Finlay Donovan is Killing Itby Elle Cosimano
Rating: ★★★★
isbn: 9781472282248
Series: Finlay Donovan Mystery #1
Publication Date: February 9, 2021
Pages: 359
Genre: Mystery
Publisher: Headline Review
When struggling crime writer and single mum Finlay Donovan accidentally finds herself employed as a local hit-woman, she suddenly finds herself living the life of crime previously reserved for her characters.
'It is a widely known fact that most mums are ready to kill someone by eight-thirty AM on any given Monday. . . ' Finlay Donovan, single mum and floundering crime writer, is having a hard time. Her ex-husband went behind her back to fire the nanny, and this morning she sent her four-year-old to school with hair duct-taped to her head after an unfortunate incident with scissors.
Making it to lunch with her literary agent is a minor victory but, as she's discussing the plot of her latest crime novel, the conversation is misinterpreted by a woman sitting nearby as that of a hit-woman offering her services to dispose of a 'problem' husband.

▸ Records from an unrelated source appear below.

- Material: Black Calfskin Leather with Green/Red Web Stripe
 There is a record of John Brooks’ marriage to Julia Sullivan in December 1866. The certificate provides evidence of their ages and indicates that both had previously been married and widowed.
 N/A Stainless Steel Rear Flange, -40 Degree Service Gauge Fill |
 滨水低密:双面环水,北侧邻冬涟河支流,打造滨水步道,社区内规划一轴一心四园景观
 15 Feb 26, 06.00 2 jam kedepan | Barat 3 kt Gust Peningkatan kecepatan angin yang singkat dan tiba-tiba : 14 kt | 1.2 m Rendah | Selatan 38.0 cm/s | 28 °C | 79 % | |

And when the woman slips Finlay a name and a promise of a large sum of cash, Finlay finds herself plotting something much bigger than her novel.

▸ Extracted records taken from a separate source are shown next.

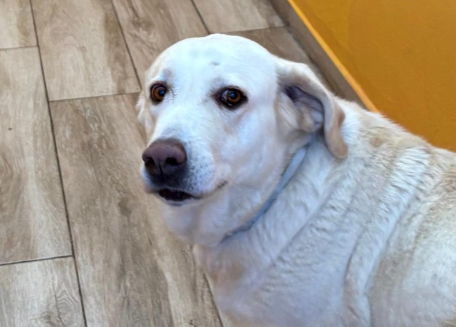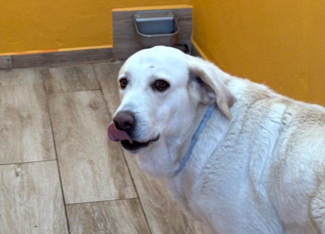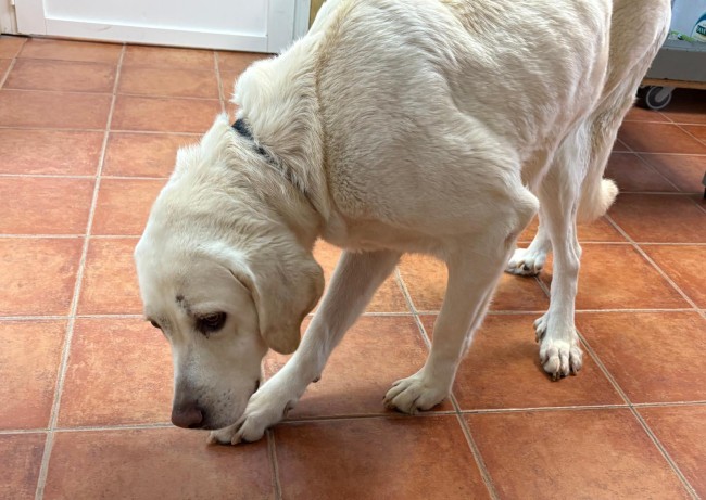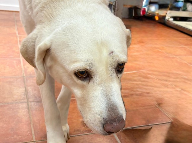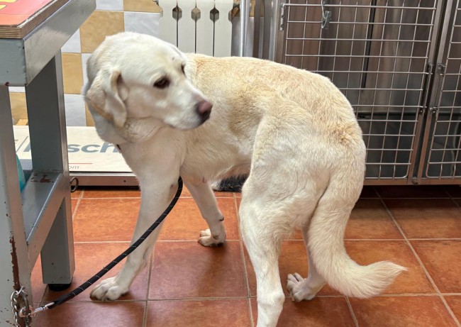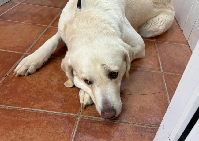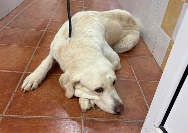 No sabemos nada de su origen, seguramente escapada de alguna finca, pero está sana y no tiene signos de maltrato, solamente algo tímida, se plancha en el suelo.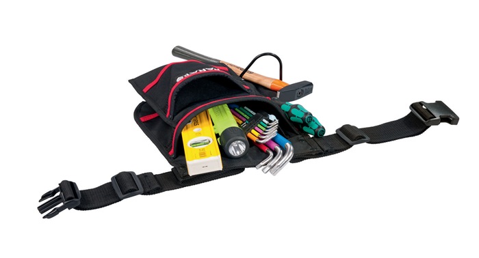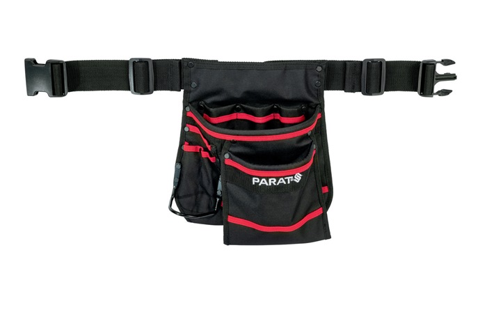 aus strapazierfähigem Nylon · schwarz/rot · Platz für insgesamt 9 Werkzeuge · Hammerhalter · inkl. verstellbarem Gürtel mit Steckschloss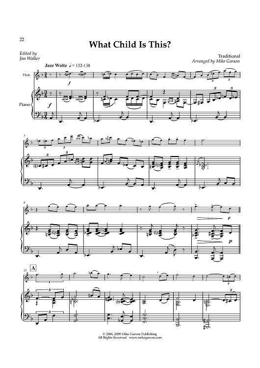 Digital Sheet Music for What Child Is This? by Mike Garson, Traditional scored for Flute/Piano; id:405177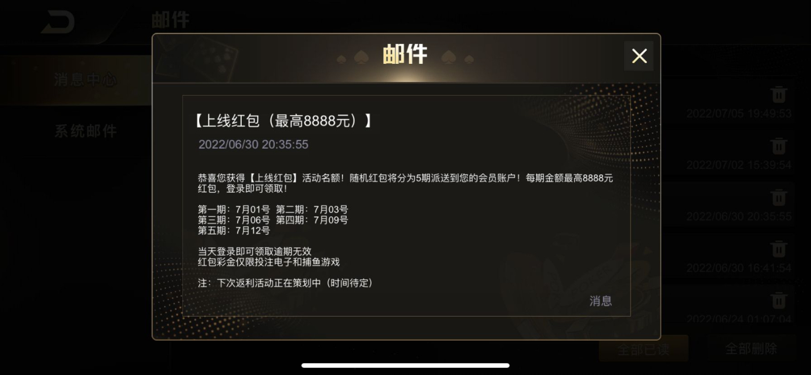 活动:老用户有号的登陆一般都是回馈10+,忘记以前哪个平台了,7.12登陆还有,只能捕鱼电子
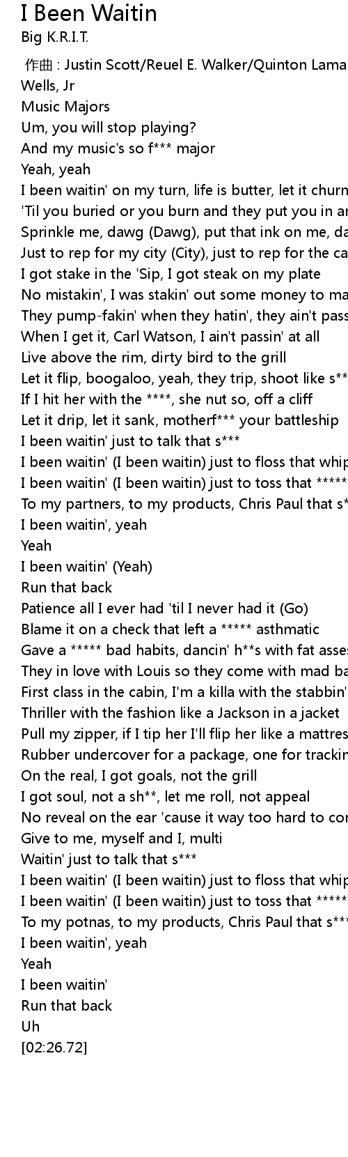 | [00:54.30] | I been waitin' (I been waitin) just to toss that ***** |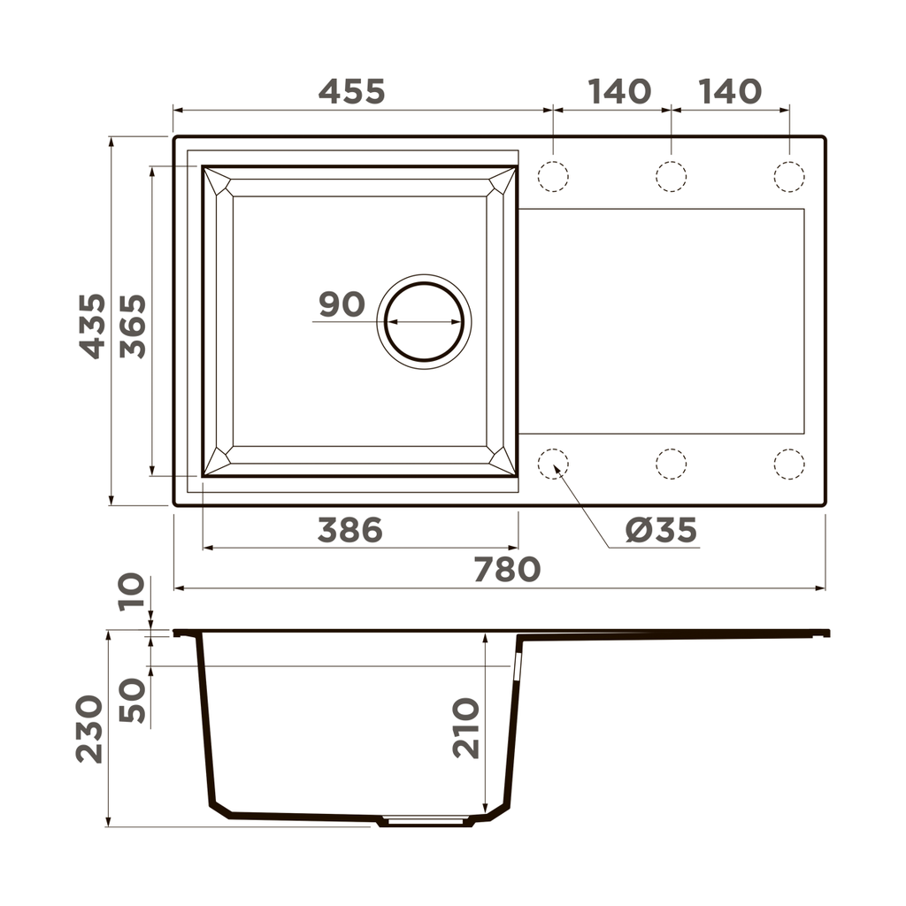 Сохранить файл: Схема с размерами к Omoikiri SAKAIME 78 CH.PNG, 134.84 Кб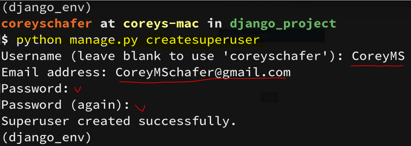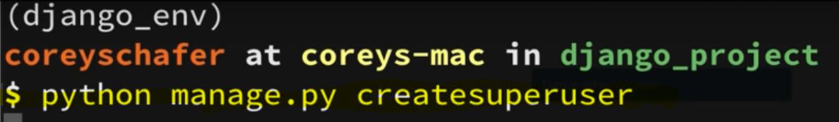 6. 아래 createsuperuser명령어를 이용해 관리자 아이디를 생성해준다.

And, after all, they do always say: write what you know. . .Finlay Donovan really is killing it . . .
I’ve seen this title thrown around a few sites, but honestly, the cover turned me off because it was such an obvious knock off of Where’d You Go, Bernadette? that it felt like the publisher was trying to ride some coat-tails. But Irresponsible Reader sang its praises in one of his posts, and I decided to give it a try.
At first, I thought maybe I’d run up against my first IR recommendation dud, because I don’t enjoy reading about people who are hanging onto life by a thread, and Finlay is definitely a big, hot mess at the beginning of this book. But I kept reading, because I couldn’t figure out how the author was going to pull off a protagonist mother-of-two who kills for money and still call the book a comedy.

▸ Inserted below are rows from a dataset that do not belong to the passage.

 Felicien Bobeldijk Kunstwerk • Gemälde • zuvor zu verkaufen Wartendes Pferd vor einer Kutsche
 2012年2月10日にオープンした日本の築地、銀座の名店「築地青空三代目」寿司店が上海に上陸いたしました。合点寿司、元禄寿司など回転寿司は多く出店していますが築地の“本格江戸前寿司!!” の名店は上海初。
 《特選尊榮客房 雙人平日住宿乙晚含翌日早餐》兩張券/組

When the answer to that started becoming clearer, the book started to click for me, because the deeper Finlay found herself in it, the more interested and invested I became. Coincidentally, the less of a hot mess she became. The introduction of the nanny-partner also helped, because her pragmatic personality was one I could identify with (although she takes her pragmatism further than I ever could).
What I was left with was a very well written, well plotted mystery that entertained me. Cosimano gets the bonus points for pulling off a very-plausible-for-fiction explanation for all the events that take place, and for dovetailing it all nicely together at the end.
This is the first of at least 3 books (so far) and I’m definitely interested in reading the next one. Thanks again to Irresponsible Reader!